**Data to examine**.
-=-=-

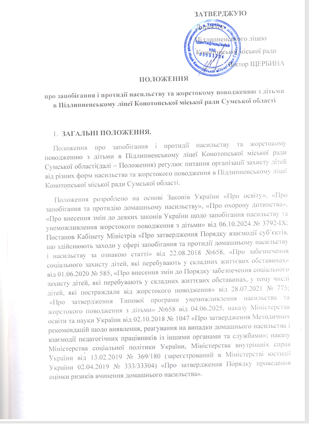 6.2. Учасники освітнього процесу мають бути ознайомлені з Положенням про запобігання і протидію насильству та жорстокому поводженню з дітьми в Підлипненському ліцеї Конотопської міської ради Сумської області
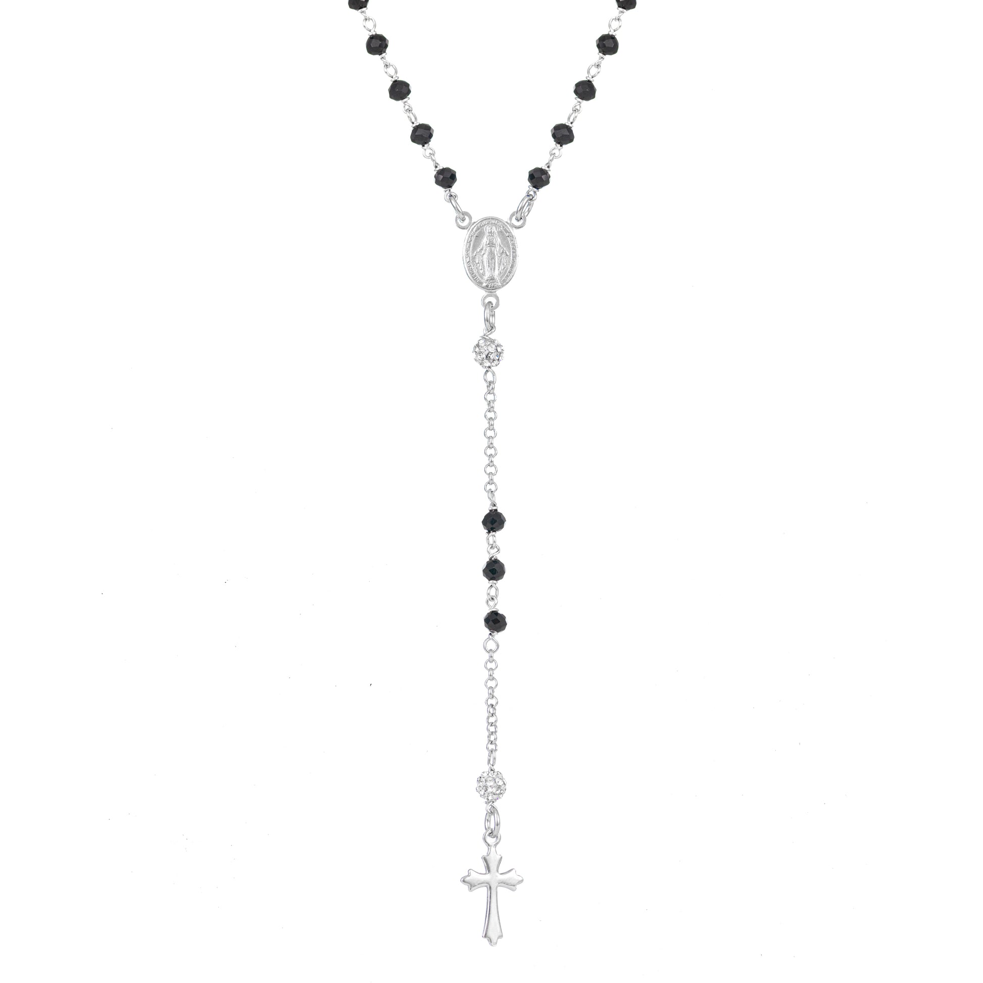 Rosario Madonna Miracolosa Nero grano da 3,5MM con palina con cristalli
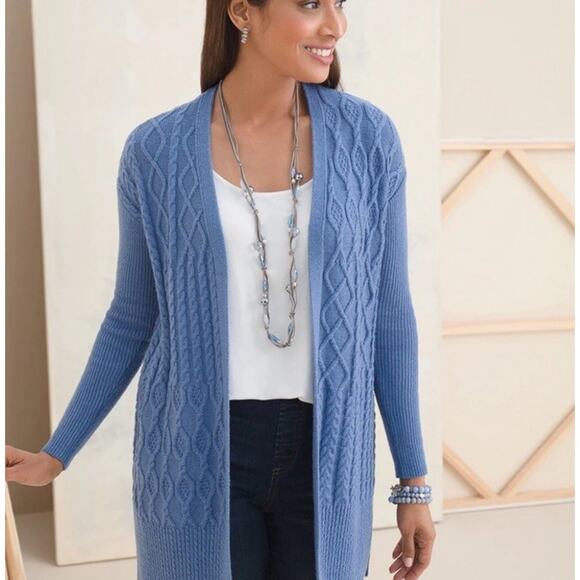 Hi Katie! The Chico's denim blue cardi is so perfect...it's exactly the color I was hoping for as I have several things to pair with it. Thank you for keeping it in great condition, and shipping so quickly! Cheers, Lu :)
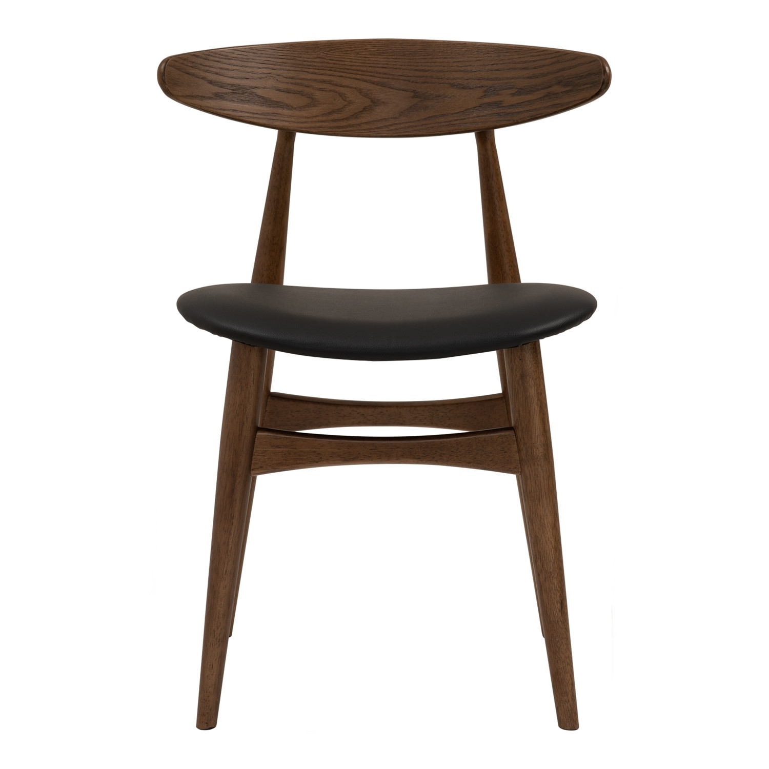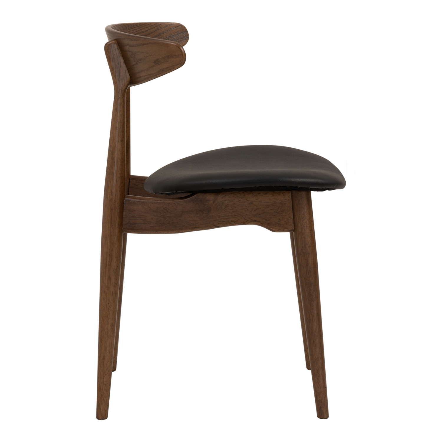 Tricia Dining Chair in Cocoa colour frame, Espresso colour Vinyl seat. The Tricia Dining Chair combines rustic appeal with mid-century modern form. Its cocoa oak legs and bentwood back deliver lasting strength and organic warmth. A cushioned vinyl seat in espresso tone offers comfort with easy maintenance, ideal for daily use. The balanced silhouette works well in both casual and formal dining areas. Compact yet supportive, it’s designed for versatility in modern homes. This chair merges classic craftsmanship with practical elegance.
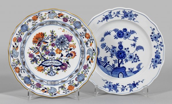 Zwei Zierteller Runde, leicht vertiefte Form. Zwiebelmuster- und sog. Fels- und Vogeldekor in unterglasurblauer Malerei, teilw. mit polychromer Überdekoration in Aufglasur. Teilw. Goldrand. Schwertermarke. D. 25 cm.
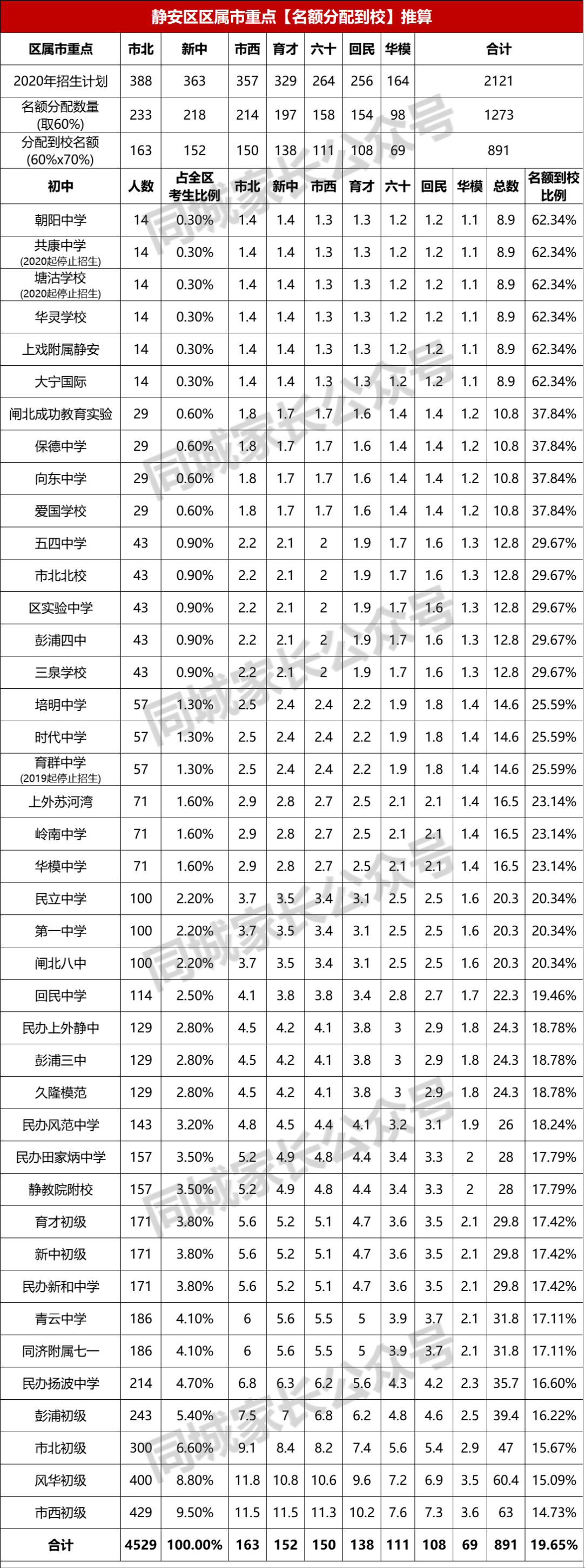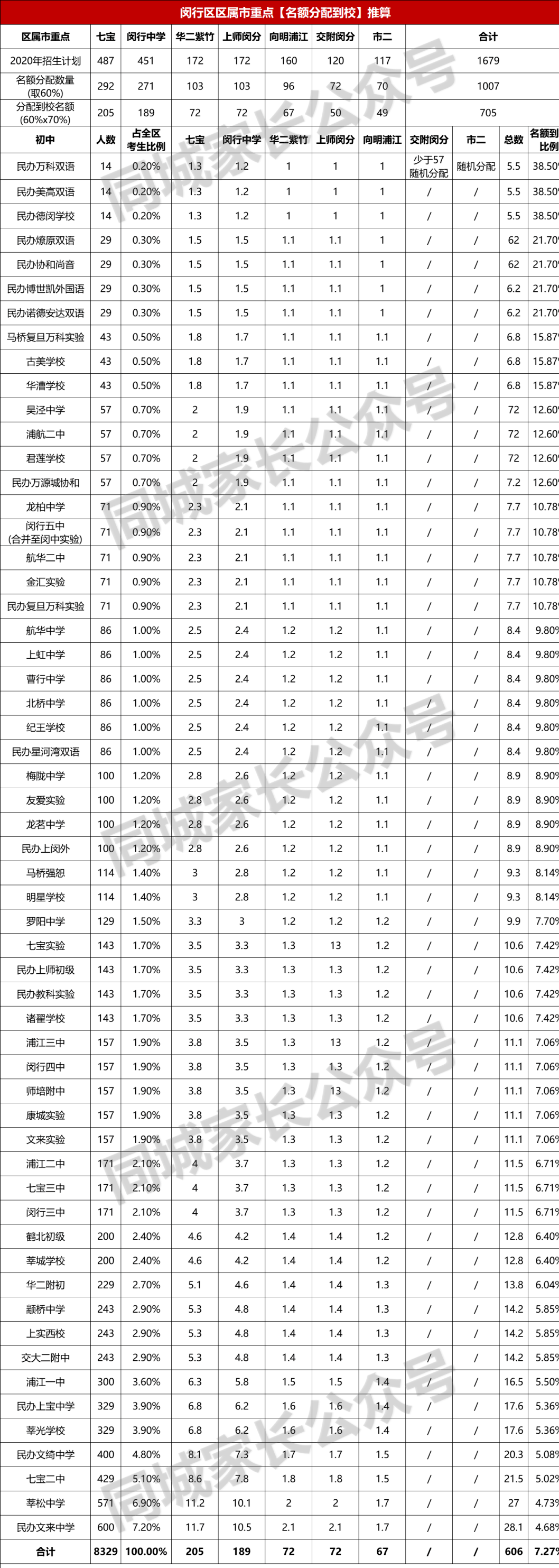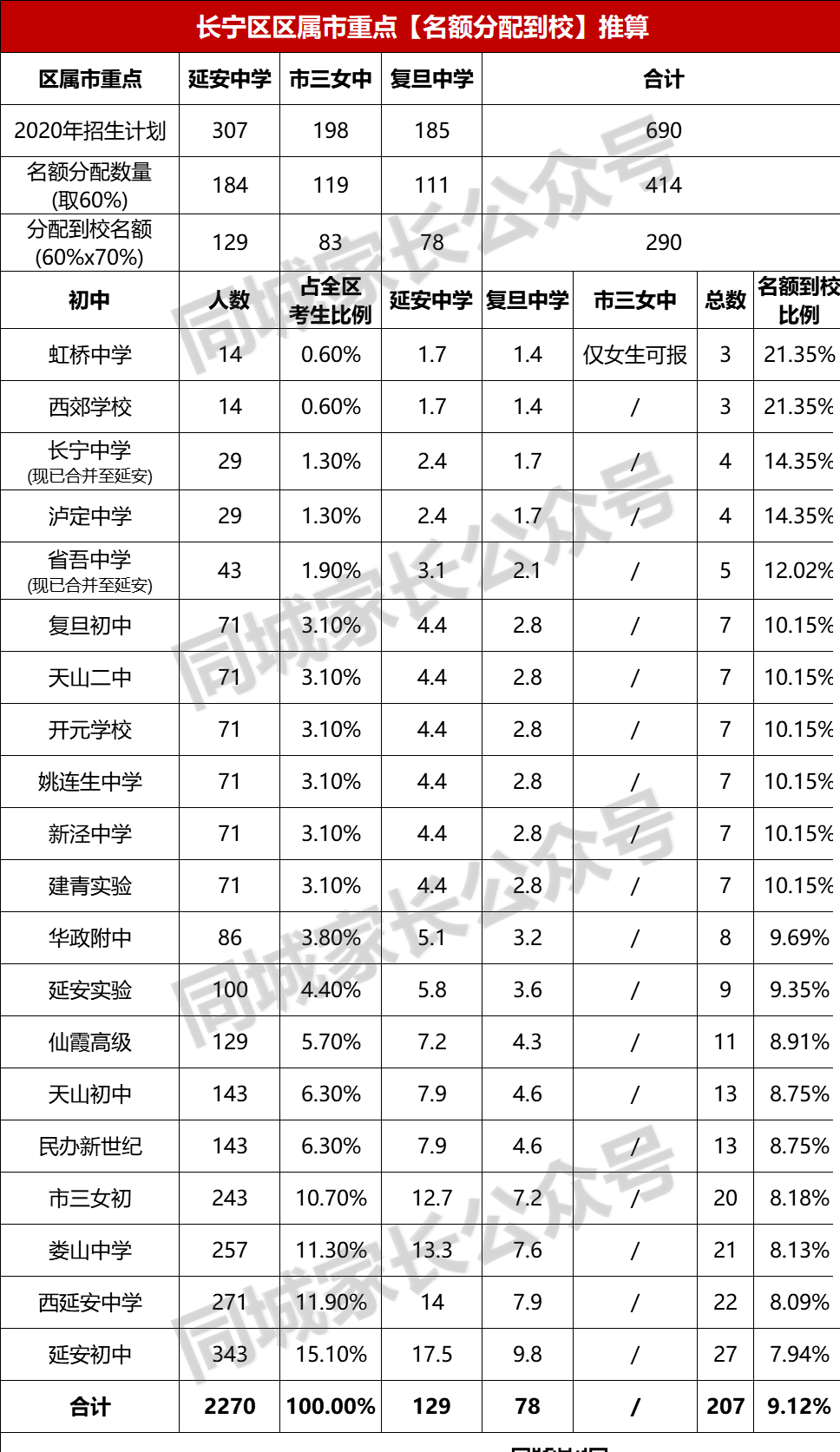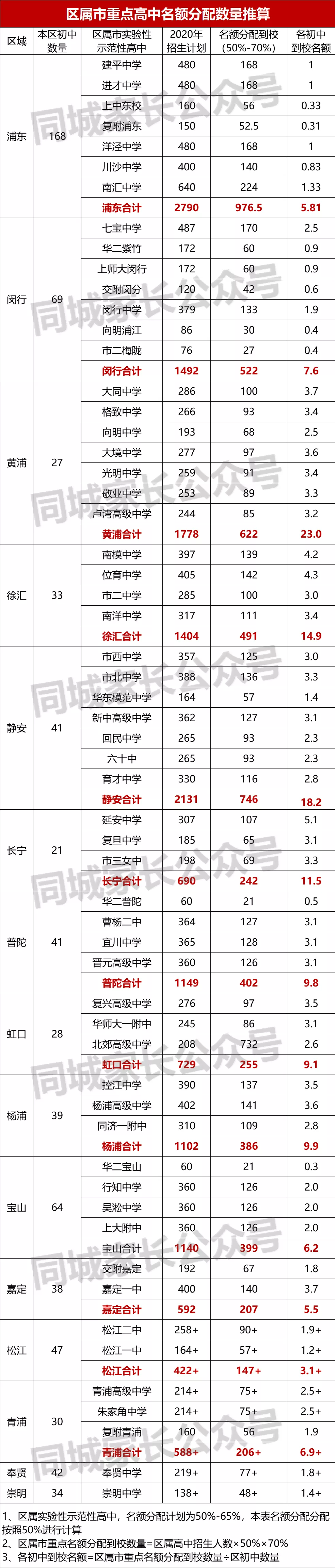 我们根据2020年区属市重点高中的招生计划,为大家推算一下16区初中名额分配到校数量:具体分配到初中的名额数量=当年区属市重点高中招生计划数*名额分配50%-65%(我们取50%)*名额分配到校70%

-=-=-

**Problem statement**.
Every line of the listing should be copied precisely, with images omitted.

**Result**.
 6.2. Учасники освітнього процесу мають бути ознайомлені з Положенням про запобігання і протидію насильству та жорстокому поводженню з дітьми в Підлипненському ліцеї Конотопської міської ради Сумської області
 Rosario Madonna Miracolosa Nero grano da 3,5MM con palina con cristalli
 Hi Katie! The Chico's denim blue cardi is so perfect...it's exactly the color I was hoping for as I have several things to pair with it. Thank you for keeping it in great condition, and shipping so quickly! Cheers, Lu :)
 Tricia Dining Chair in Cocoa colour frame, Espresso colour Vinyl seat. The Tricia Dining Chair combines rustic appeal with mid-century modern form. Its cocoa oak legs and bentwood back deliver lasting strength and organic warmth. A cushioned vinyl seat in espresso tone offers comfort with easy maintenance, ideal for daily use. The balanced silhouette works well in both casual and formal dining areas. Compact yet supportive, it’s designed for versatility in modern homes. This chair merges classic craftsmanship with practical elegance.
 Zwei Zierteller Runde, leicht vertiefte Form. Zwiebelmuster- und sog. Fels- und Vogeldekor in unterglasurblauer Malerei, teilw. mit polychromer Überdekoration in Aufglasur. Teilw. Goldrand. Schwertermarke. D. 25 cm.
 我们根据2020年区属市重点高中的招生计划,为大家推算一下16区初中名额分配到校数量:具体分配到初中的名额数量=当年区属市重点高中招生计划数*名额分配50%-65%(我们取50%)*名额分配到校70%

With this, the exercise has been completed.